Alvarado plans to connect with more common Colombians by volunteering his English as a Second Language skills in the public schools of a country in which most people of means send their children to private schools.
The move to one salary for a year will require certain sacrifices, although “assess and adapt” is by now as deeply ingrained in the Alvarado-Troyer Traveling Troupe as it is in most military units that travel the world.
More than that, what sacrifices there are seem worth it for lives they believe are greatly enriched by both the experiences in other cultures and what they’re required to do to make it work.

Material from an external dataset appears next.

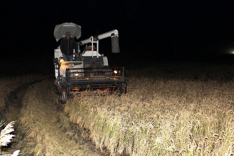 11月9日夜七時(shí)許,青口投資公司大新農(nóng)場(chǎng),工會(huì)副主席王士超作為巡查組成員,正在組織二分場(chǎng)趙華勇條田水稻種植戶(hù)在搶收水稻。

“It’s a passion, it’s an art, it’s creative — it feeds all those needs,” Troyer said.
Alas, though, while seated at their welcoming table, they found themselves faced with an adventure-less Bilbo who asked them how it’s possible to feel grounded in a life of such wanderings.
Rootedness “is not about place,” Troyer said. “It’s about a connection with people.”
The people they’ve connected with are those that they have met in travels or travelers they’ve met in their everyday life — people seemingly scattered but still connected in a deep way.
Alvarado put it another way.
“All of us travel in a circle of like-minded people, and you’re always in that circle wherever you go.”
Then it struck me: Their circle is the globe.
And this adventure-less Bilbo says: More power to them.